Вот и поди разыщи при таких постных обстоятельствах командирско-офицерскую жену для блуда!..

Я уже дослуживал своё, числился в стариках, грезил о скором – месяца через три – дембеле и мечтал, конечно, о любви, но уже о любви, так сказать, настоящей – на воле, на гражданке. Почти за два года службы у меня было три любовных связи по переписке, с заочницами, да как раз в эти последние жаркие дни уходящего лета происходило непонятно что с Любой, мастером городского жилищно-эксплуатационного управления (ЖЭУ), где я работал-служил дежурным сантехником-аварийщиком. Люба была замужем, имела 4-летнего сынишку, была вполне симпатична, но не более, и как-то так произошло-случилось, что мы с ней сначала принялись горячо болтать-общаться на работе, а потом однажды, когда никого в комнате мастеров больше не было, во время обеденного перерыва, мы в пылу жаркой беседы так сблизились лицами, что вдруг взяли и поцеловались. Ну и – началось…
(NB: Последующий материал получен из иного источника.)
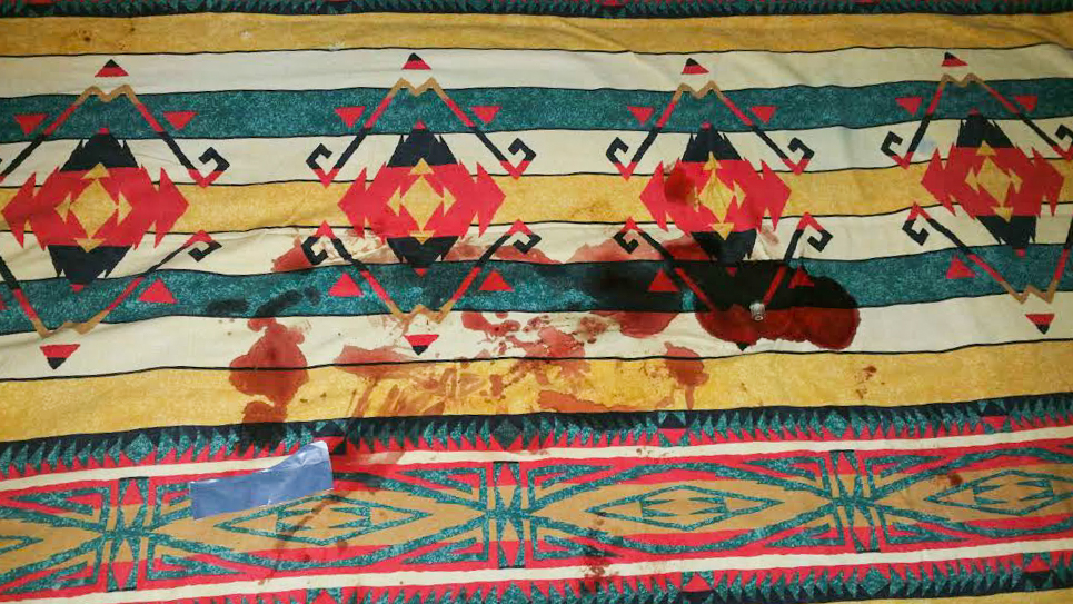 Une couette recouverte de sang. / Crédits : Robin D'Angelo
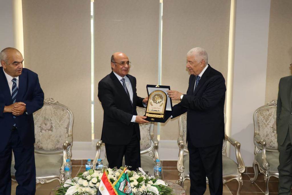 كما كرم المستشار محمد بكر رئيس الهيئة المستشار حسين مصطفى رئيس الهيئة السابق وسلم سيادته درع الهيئة تقديرًا لما قدمه للهيئة إبان فترة توليه رئاستها.
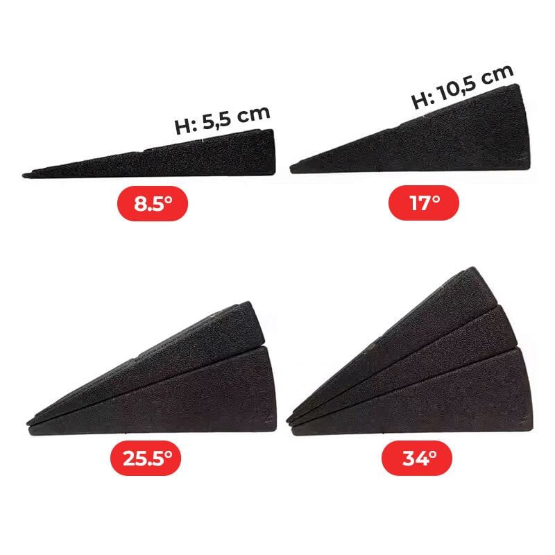 Kilsetet kan anpassas efter dina behov. De är ergonomiskt utformade och den triangulära strukturen förhindrar glidning samt ger säkerhet och stabilitet. Den minsta delen är 5,5 cm hög och den största delen är 10,5 cm hög.

Муж Любы часто уезжал  в командировки (ну никак без анекдота не обойтись, вся жизнь – сплошной анекдот!), сына ей удавалось сплавить к свекрови под предлогом, что допоздна задержится на работе, и мы без помех могли, как принято выражаться ныне, заниматься любовью. (Вообще дико несуразное выражение: как можно заниматься чувством?!)  Вот именно – заниматься! Не было, по крайней мере у меня, ни особого жара-пыла, ни головокружения, ни восторга до обморока. Закрывались в квартире, наспех выпивали по стакану вина для снятия напряга, торопливо раздевались, повернувшись друг к другу спинами, залезали под одеяло и… трахались.

Да, другого слова не подберёшь!

Впрочем, Люба, судя по всему, воспринимала это более чем серьёзно, даже речи заводила о своём разводе, о том, что поедет за мной после дембеля хоть на край света… Так что я мучительно придумывал, как бы завязать со всем этим. Во-первых, перспектива увода Любы с её сопливым пупсом от их экспедитора мне вовсе не улыбалась, а, во-вторых, если во время оргазма не теряешь сознания – для чего же тогда трахаться? Но – проклятый характер! – я всё тянул, всё оттягивал окончательное объяснение с Любой. Был бы я вольный – взял бы даже, да и ушёл-уволился из ЖЭУ и постарался с ней в городе не встречаться, а тут…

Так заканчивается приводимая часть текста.